Hungarian President Katalin Novák, meanwhile, has been making some trips of her own to visit Catholics in the U.S. Speaking to students at Ave Maria University in Florida this March, President Novák – a member of Prime Minister Viktor Orbán’s conservative Fidesz party and the country’s official head of state – proudly declared that in Hungary “we emphasize our Christian identity and our Christian culture.” For a young American audience at a faithful Catholic university, hearing a national leader speak so openly and positively about faith and its role in society perhaps came as a surprise. Judging by their applause and standing ovation, it also came as a breath of fresh air.
The paradox and the history
There was nothing surprising, though, for anyone familiar with Hungarian politics and the Orbán government’s frequent references to the importance of Christianity. It would be easy to assume that Hungary is a very religious country, an oasis of Christian belief and practice untouched by the prevailing winds of secularism. The reality, though, reveals a rather puzzling paradox: the loudest voice promoting Christian values on the European political scene today comes from a country where the statistics on Christian practice are not especially impressive.

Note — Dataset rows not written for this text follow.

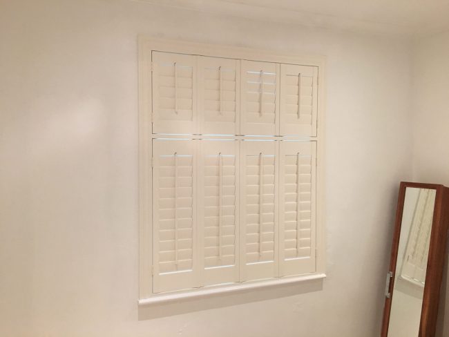 Check out our recent hardwood shutter install for this bathroom. Two tier on tier window shutters with the classic front push rod, finished in cream with 6 layers of paint & lacquer to ensure no cracking or splitting even in wet and steamy conditions.
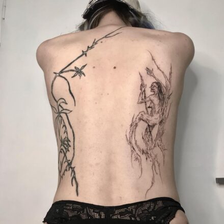 Vyznačuje se volnými, nedokončenými liniemi, které dodávají dílu dynamiku a živost. Skica tetování často kombinuje realistické prvky s abstraktními a geometrickými vzory. Většinou se provádí v černé barvě s prvky jemného stínování. Jistě vás nepřekvapí, že tatéři musí vynikat silnými dovednostmi v oblasti kresby. Díla vyžadují precizní práci s jehlami a inkoustem.
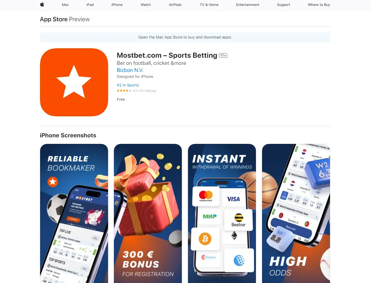 - You will then be taken to the app’s page in the App Store. When you click the “GET” button, the software will automatically begin to download and install Mostbet app free.
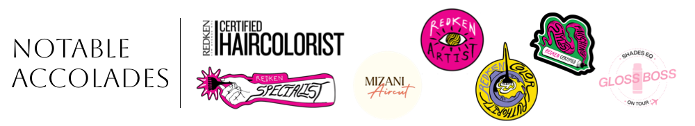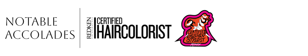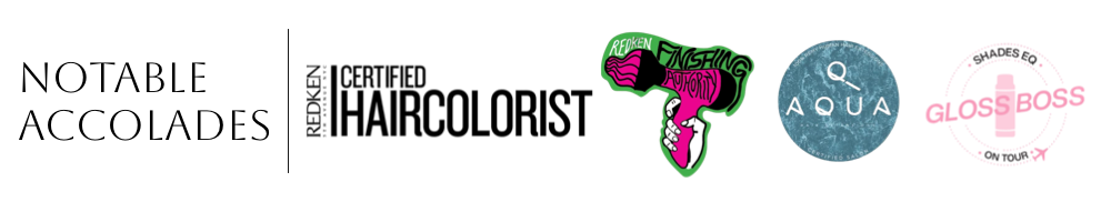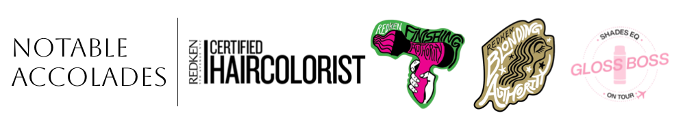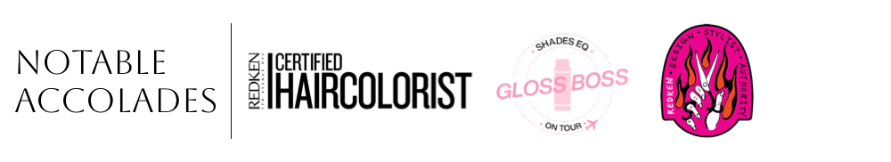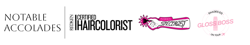 I hold the designation of Redken Certified Haircolorist and have been chosen as a Redken ShadesEQ Gloss Boss Award Winner!
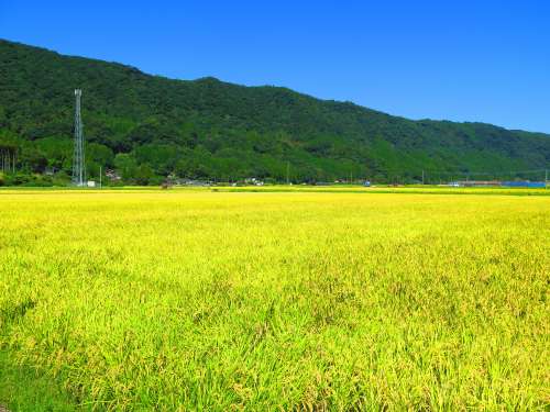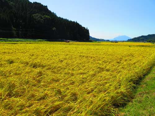 朝露に濡れた稲穂は、太陽の光が反射し「眩い黃金色」に輝いていす。
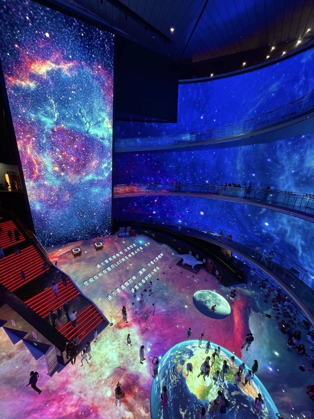 Honestly, the moment I stepped inside, I was completely amazed. The "Central Round Hall" of the film museum is stunning! It features a massive 4-story tall screen wall, and the floor merges with the screen to showcase all kinds of beautiful dynamic themes—like breathtaking oceans, dazzling fireworks, the magical world of forests and dinosaurs, and the visual impact of spaceships flying through the cosmos. Both kids and adults will be instantly captivated.
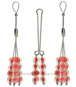 These nipple rings are more comfortable than any style made form metal. Below, a cluster of ruby colored plastic jewelry beads enhance your feminine attitude. Further down the body, the metal clitoral prongs add a sweet surprise when he finally gets a glimpse up your skirt. It is a surprise he never even knew he wanted! Non-Piercing Nipple & Clit Rings include attached matching ruby colored beads that also sway from the bottom of the metal clasp.
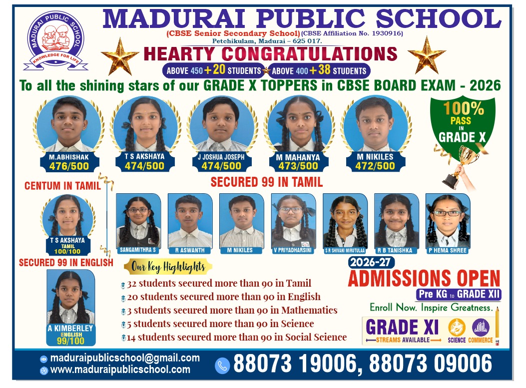 At Madurai Public School we embrace a child-centered philosophy that promotes creative thinking and lifelong learning. Our educators are dedicated to inspiring children to achieve the very highest standards in all their endeavors as they progress their educational journey with us. Through partnerships with parents, we strive to make every academic dream a reality.
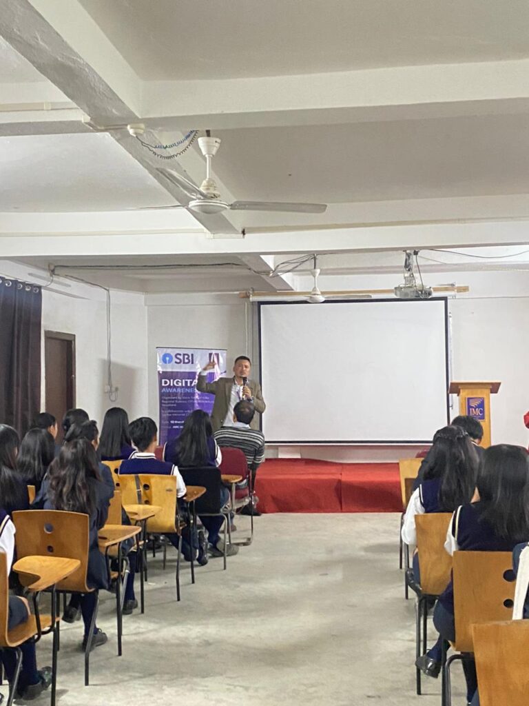The program aimed to promote awareness about digital banking services and educate students and citizens about safe digital practices. Mr Imtitoshi, Branch Manager, Alongmen Branch, Mokokchung, who attended as the resource person from SBI, delivered an informative session highlighting the various digital banking services provided by the bank. He explained the benefits and convenience of SBI’s digital platforms and encouraged students to adopt secure digital transactions.

Novák, who helped make Pope Francis’ April visit to Hungary possible, gave similar speeches at other universities with strong Catholic identities, visiting Benedictine University and Franciscan University last fall. In the speech at Ave Maria, delivered a couple days after a meeting with Florida governor Ron DeSantis, Novák touched on the Hungarian constitution’s affirmation of marriage as the union of a man and a woman, the government’s concern for the unborn, and measures to promote marriage and family. The Hungarian government has also made significant efforts to restore much of what was confiscated from the Church during the communist era. An increasing number of state schools have become private Christian schools and in 2013 the government instituted religion classes into the curriculum. The government has extended its mission to Christians abroad too. Its Hungary Helps program, founded in 2017, provides support to persecuted Christian communities throughout the Middle East and Africa. Promoting faith has been a hallmark of Fidesz governance. Four consecutive election victories beginning in 2010 would suggest that they will not be changing strategies anytime soon.
It is a message directed to a country that is home to a variety of Christian confessions. Though the majority of the population is Catholic – 62% according to a 2019 Eurobarometer survey – Novák and Orbán are both members of the Calvinist Hungarian Reformed Church, which makes up most of the country’s 13% non-Catholic Christian population. In her inaugural address, Novák acknowledged Hungary’s religious diversity while pledging to fulfill her role based on “the values predicated on Christianity.” She made a point of including leaders of all of Hungary’s four primary Christian groups – Roman Catholics, Calvinists, Lutherans, and Greek Catholics – for the first time ever in a presidential inauguration ceremony.
While Christian faith has been on a steady decline in Western Europe, the experience of East-Central Europe challenges the notion that secularization is the continent’s inevitable future. In the thirty years since the fall of communism, rates of religiosity have remained stable or even risen in the region. Today, there is a clear divide in religious practice between east and west.
Hungary, though, is one of the region’s least religious countries. Monthly worship attendance is only 17%, according to a 2017 Pew Research survey of religious attitudes in Europe. Better than, say, Germany or Belgium, but unimpressive when compared to Poland and Slovakia, other predominantly Catholic countries in the region, where attendance is 61% and 31% respectively. The survey shows that Hungary scores relatively low for the region on other indicators of religious practice as well. 14% said religion is very important in their lives, 16% said they pray daily, and 13% see their faith primarily personal as opposed to a matter of national culture or family tradition. A recent poll by Ipsos shows that only 15% of Hungarians agree to the statement “my religion defines me as a person,” putting it at the bottom of the twenty-six countries surveyed. In the US, by contrast, 34% attend worship services at least once a month, 41% rank religion as very important, 45% pray daily, and 41% say that their religion defines them as a person.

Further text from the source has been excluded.